Can you feel comfortable doing that? That takes some guts.

You probably want to have more 40 or 50 interviews before you can start to detect a pattern. And that's what you can get at with Flex interviews because it's easy for the customer and it's easy for us to collect that data in that form factor, and it's just a whole level above what you get from a quantitative survey.

I love it, this has been a great conversation, super helpful, super awesome. You've done this multiple times before, like you mentioned earlier, Craig, you're one of the people that we've worked with at Clozd that I would say is on the front bleeding edge of adopting win-loss technologies and programs and driving value from it. So it's been a pleasure for us to work with you.
Let's say I'm you five years ago or seven years ago when you're first getting exposed to win-loss, what advice would you give somebody who's stepping into this for the first time? And what are some of the things to make sure you do and what are some of the things to maybe make sure you don't do if you're doing win-loss for the first time?
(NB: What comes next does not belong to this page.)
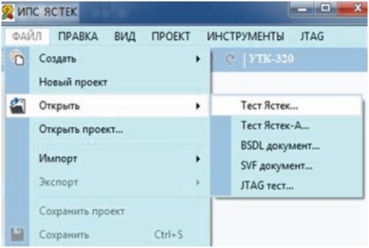 д) в меню выбирают пункты: "Файл", "Открыть", "Тест Ястек" и в окне выбора файла указывают путь к файлу "TEST_SAM_US.yas" (см.

Such a great question. 2017 me, what would I say? First thing I would say is, you probably have some hunches around your go-to-market effort. You're probably suspicious about something and you are wondering if you should make a change. So that's where win-loss can be brought to bear so effectively to back your change with data.

And sometimes it's intimidating to get started with something like that, so if somebody asked me like you just did, I would say, start super small. Pick some hunch that you have, do a very small number of interviews, and I'm here to tell you, as soon as you read the first one or the rest of your management team reads the first one or your head of compete reads the first one, you will want more data like that because it's just so insightful, it's just a world that is not available to you until you do third party win-loss.

That's awesome, and you just get started. What would you tell yourself not to do? What are some of the mistakes that you've seen or things you've run into in the past that where you'd give watch-outs to somebody that's doing win-loss?

Another great question. With great power, comes great responsibility.

I love it.

If you have a data-driven insight that almost inevitably this is going to call out some department or some other executive leader, it's going to be like the CRO. What are you doing over there? Or the product leader, just do your best, whoever you are within the organization to make sure that whatever you glean from win-loss is not used to forward some kind of agenda.

You just need to make it just this dispassionate thing that's looking at your business and sharing insights for all of us to come to the same conclusions. But don't use it to advance some kind of agenda internally, it's not what it's for. Win-loss is at its best when it's data that's served up to a bunch of smart people and they all come to the same conclusion because they have the same data.

I love it. I've never heard it stated that way, and I love it. Win-loss information can be super powerful if people look at it through a objective, humble, we're all messed up, we all make mistakes, we all screw up in our jobs and we're just trying to figure out how to advance the ball, and we're all on one team trying to get better. When it's looked through that way, great. When it is weaponized and politicized, watch out. And I don't think anybody wants to work in an organization that does that because it's definitely not healthy, but it's super important too, I love that feedback or that guidance, it's super helpful.

It can bring teams together to solve problems, that's the power of it.

I love it. Craig, this has been awesome, thank you so much, I appreciate you taking the time, everyone else, I appreciate you joining in. If you're interested in seeing more sessions, they're all up there, go jump on and we'll talk to you all later, thank you.